A PhD, or a Doctorate of Philosophy is the highest level of degree for a student, which involves independent and original research and results in a thesis or dissertation. PhD's are typically follows a master's degree, however some universities will allow students to move on to a PhD straight from their Bachelors degree.
Doing a PhD is a big undertaking, so it’s important to choose a topic that you’re passionate about and highly motivated to complete.
If a subject genuinely fascinates you and provides you with plenty of inspiration for coming up with a distinct research question, a PhD is likely to be the next logical step.
Be specific when searching for PhD programmes online and remember to use broad as well as narrow terms – this will give you a wider range of results.
Before choosing a course, it’s important to consider just how much time you’re able to invest in studying? Are you hoping to work alongside your PhD? Can you dedicate long hours to writing up your thesis? Are extra-curricular activities important to you?
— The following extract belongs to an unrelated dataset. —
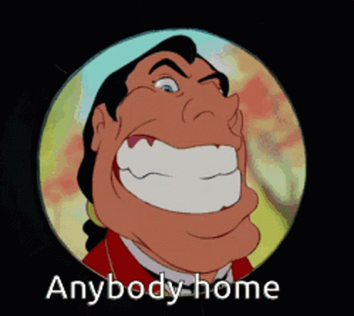 Descrierea conținutului: a cartoon character with a big smile and the words anybody home below it

How much will your family and loved ones be affected?
Consider the answers to these questions when making your selection, as your PhD will have to fit in with your lifestyle – the last thing you want is a house full of frustrated people when you’re up late working or spending time in the library.
It’s also worth noting that many universities are more likely to offer scholarships with their full-time offerings, so take that into account if funding is a deciding factor.
You may already know which subject you’d like to pursue for your PhD, but don’t forget to cast your net wide and look at what else is out there.
By comparing and contrasting programmes in other subjects, you’ll have a better idea of what to expect and you can find out whether a particular university presents opportunities that are unavailable in other institutions.
What’s more, you’ll be able to assess whether a programme is likely to challenge you enough and provide you with the right methodologies for your research.
Finding out as much information as you can about your potential supervisors can be beneficial to your success.
Throughout your PhD your supervisor will become your mentor, your friend and the one to spur you on when things don’t go your way, so you’re more likely to develop a strong thesis if you’ve done some background research.
By taking the time to look up different supervisors at each university and find out if they’re well respected in their field with good connections, you’ll be better informed to choose the right PhD.
As much as it’s great to follow your interests and pursue higher education, the reality is it’s going to come at a cost – at least for a short while.
UK and EU students can end up paying as much as £15,000 a year when you combine tuition fees, living costs and research expenditures.
Consider how you’re going to fund your research. Will it be self-funded or are you hoping to apply for a scholarship?
If it’s the latter, remember that it can be competitive to find a scholarship and spaces are often limited, so start your PhD search early and find out what funding options are available to you on each programme.
As with your undergraduate studies, be prepared to do some initial research on different universities to find out if they’d suit you.
Look at their websites, see what other students are saying, consider their location (are they easily accessible from your accommodation?) and note what facilities are available.
And don’t forget to check universities’ rankings and their entry requirements – it’s good to come up with a university shortlist based on your own preferences but you’ll need to make sure you meet their standards too.
If you’ve followed all these tips and you’re still feeling uncertain about which PhD to choose, consider giving yourself a break from education and instead spend some time building up experience in a related area.
There’s no rush to do it all now, so why not be proactive and secure yourself some research-based work experience in a non-academic field?
Attend conferences, focus on your CV, speak to other PhD students and think outside the box for a while – when you do eventually decide to knuckle down it’ll be extremely rewarding, so it’s okay to hold fire until you’re totally sure.